Top of Source data

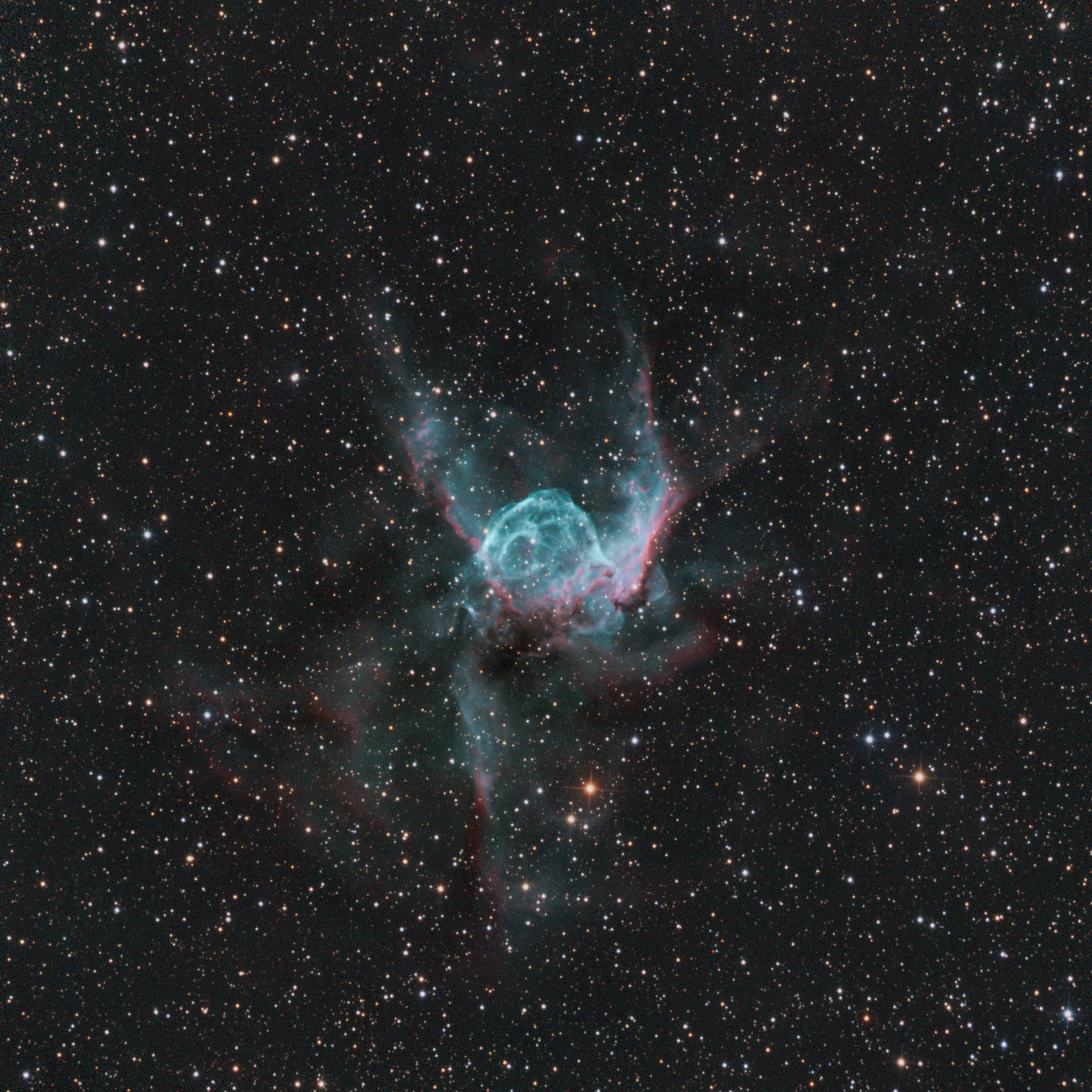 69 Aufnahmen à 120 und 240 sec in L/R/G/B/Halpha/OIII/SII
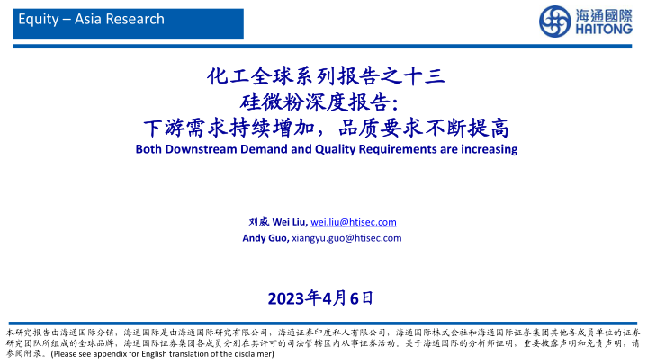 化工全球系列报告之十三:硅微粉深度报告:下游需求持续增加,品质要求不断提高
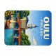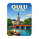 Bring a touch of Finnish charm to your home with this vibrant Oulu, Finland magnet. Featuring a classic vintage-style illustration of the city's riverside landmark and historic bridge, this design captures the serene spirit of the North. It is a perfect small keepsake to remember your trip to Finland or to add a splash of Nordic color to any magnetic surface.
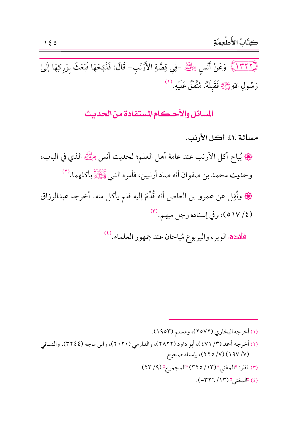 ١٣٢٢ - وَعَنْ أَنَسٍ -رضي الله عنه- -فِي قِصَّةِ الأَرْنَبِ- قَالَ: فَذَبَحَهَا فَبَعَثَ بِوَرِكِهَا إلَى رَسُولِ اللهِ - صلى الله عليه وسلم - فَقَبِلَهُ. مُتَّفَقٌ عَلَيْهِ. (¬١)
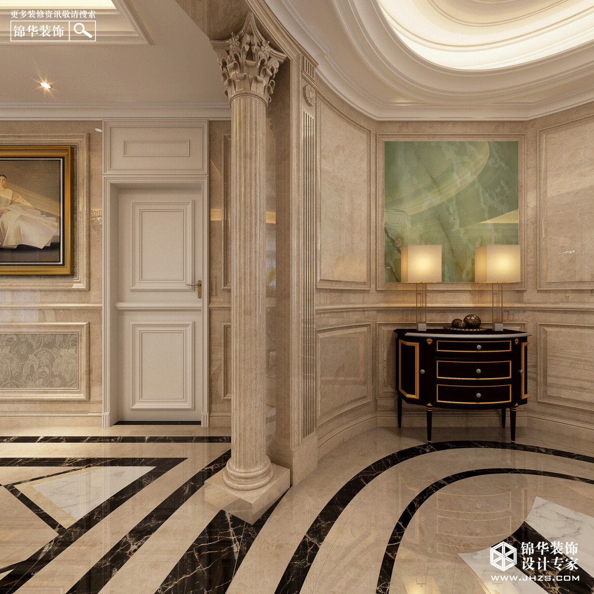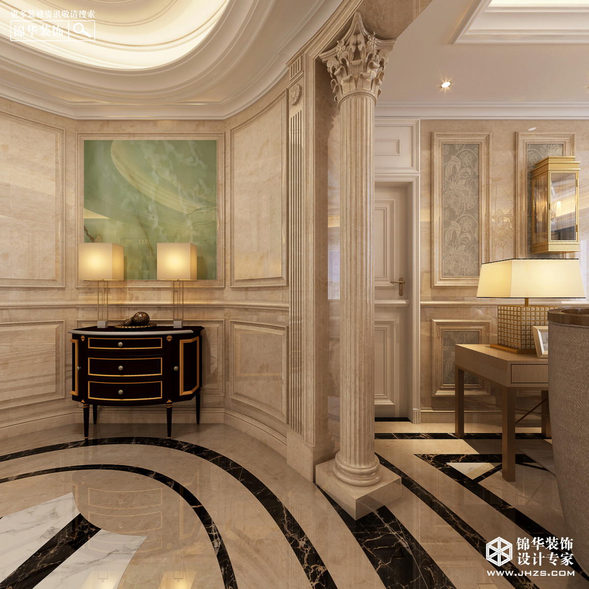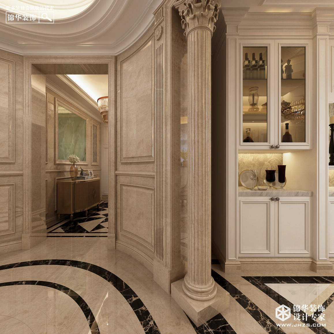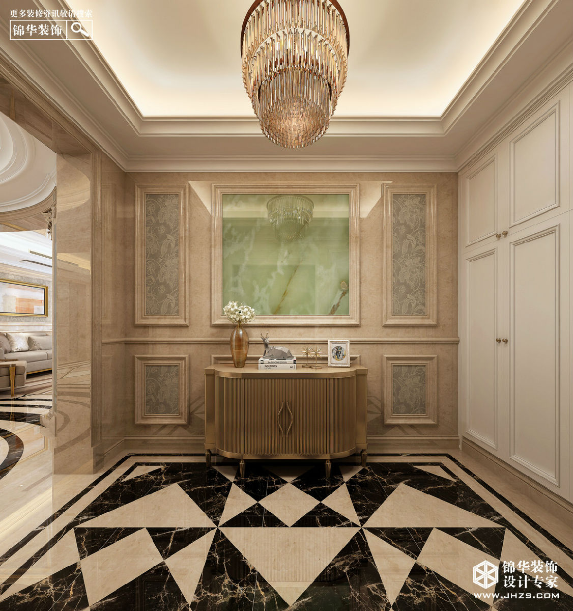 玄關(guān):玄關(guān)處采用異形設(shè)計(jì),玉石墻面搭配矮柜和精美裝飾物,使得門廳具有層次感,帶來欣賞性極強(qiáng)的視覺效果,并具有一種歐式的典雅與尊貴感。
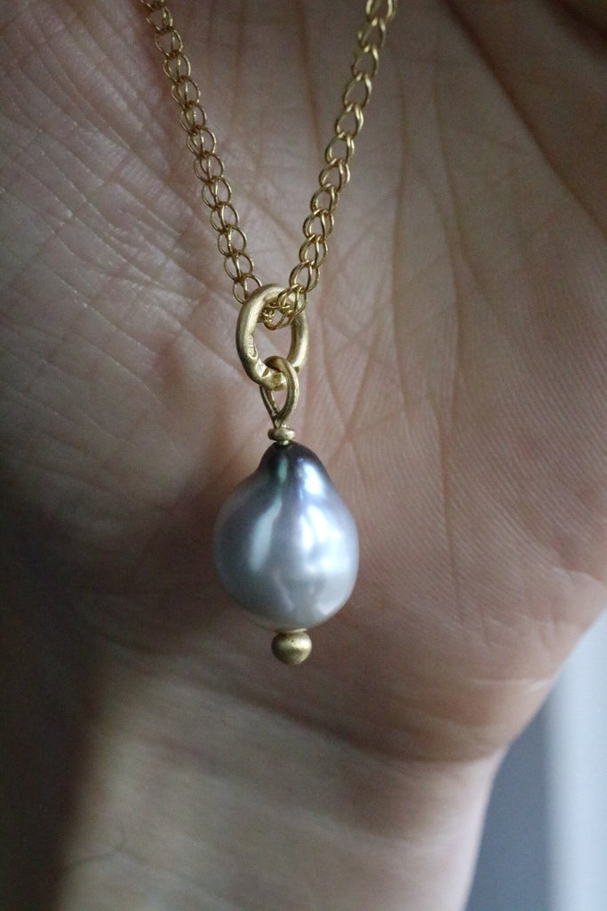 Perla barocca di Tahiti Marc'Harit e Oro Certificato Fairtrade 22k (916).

Bottom of Source data
Top of Source data

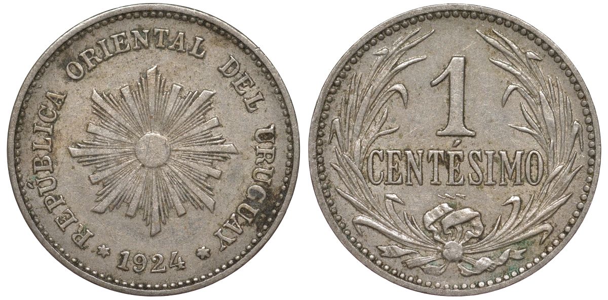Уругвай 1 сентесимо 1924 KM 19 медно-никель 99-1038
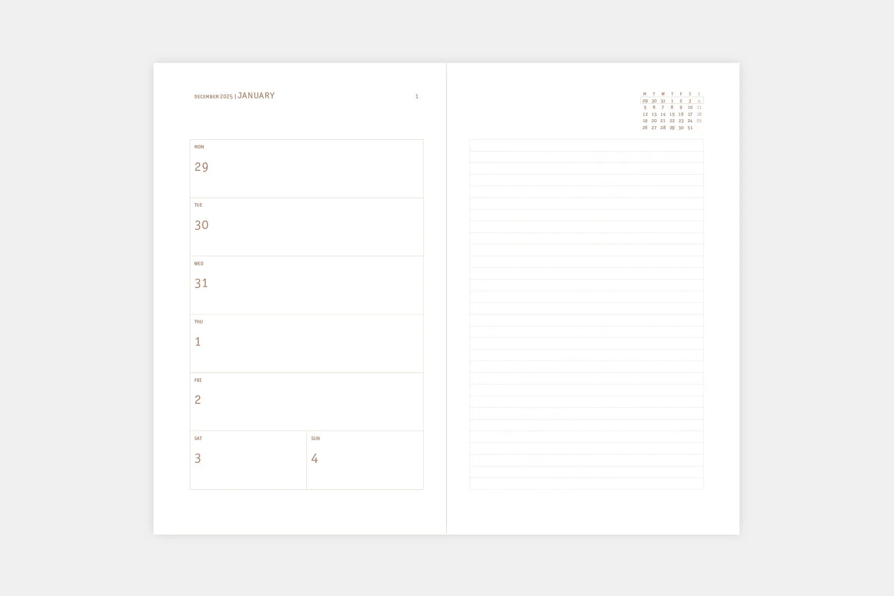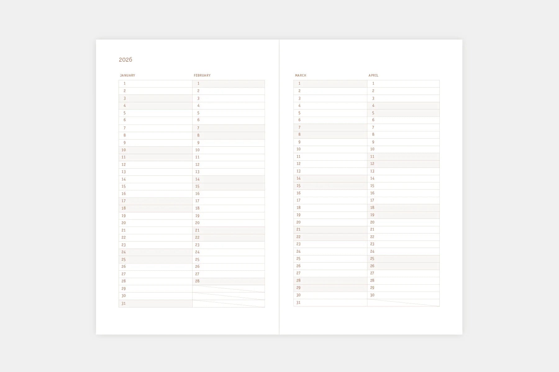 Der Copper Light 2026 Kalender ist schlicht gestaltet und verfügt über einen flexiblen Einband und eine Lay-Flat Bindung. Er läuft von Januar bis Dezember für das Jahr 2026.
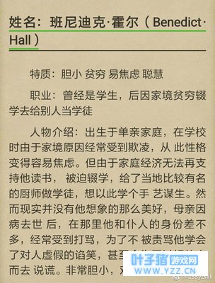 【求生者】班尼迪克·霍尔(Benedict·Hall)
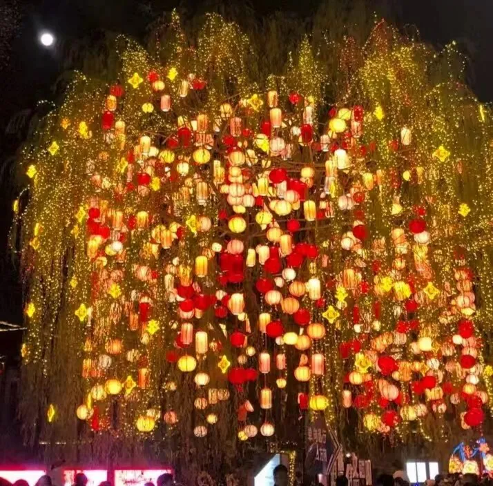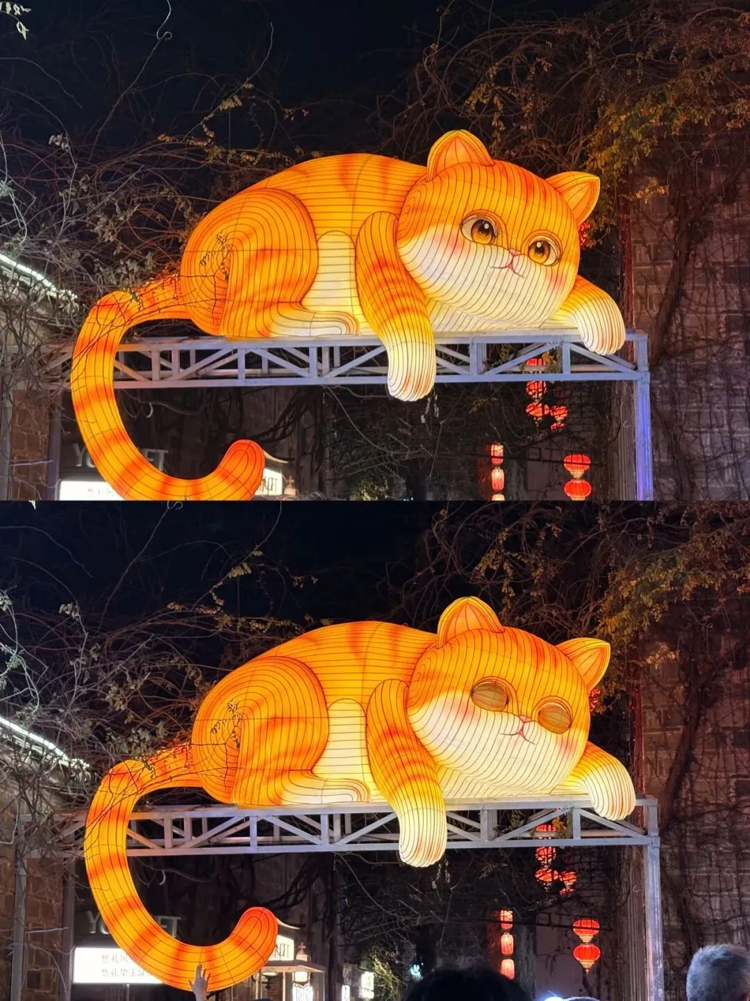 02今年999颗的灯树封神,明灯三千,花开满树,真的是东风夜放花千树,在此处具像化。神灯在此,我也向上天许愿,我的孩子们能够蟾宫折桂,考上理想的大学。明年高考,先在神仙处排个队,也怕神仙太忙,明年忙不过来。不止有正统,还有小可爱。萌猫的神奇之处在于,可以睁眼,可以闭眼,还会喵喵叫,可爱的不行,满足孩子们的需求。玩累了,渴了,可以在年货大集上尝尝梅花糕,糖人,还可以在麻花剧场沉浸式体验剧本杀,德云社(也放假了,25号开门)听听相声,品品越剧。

Bottom of Source data

> Prompt
Everything above from the line that has "69 Aufnahmen à" down to the line that has "Bring a touch" should be output exactly, with both of those lines included. Leave the pictures behind.

> Written response
 69 Aufnahmen à 120 und 240 sec in L/R/G/B/Halpha/OIII/SII
 化工全球系列报告之十三:硅微粉深度报告:下游需求持续增加,品质要求不断提高
 Bring a touch of Finnish charm to your home with this vibrant Oulu, Finland magnet. Featuring a classic vintage-style illustration of the city's riverside landmark and historic bridge, this design captures the serene spirit of the North. It is a perfect small keepsake to remember your trip to Finland or to add a splash of Nordic color to any magnetic surface.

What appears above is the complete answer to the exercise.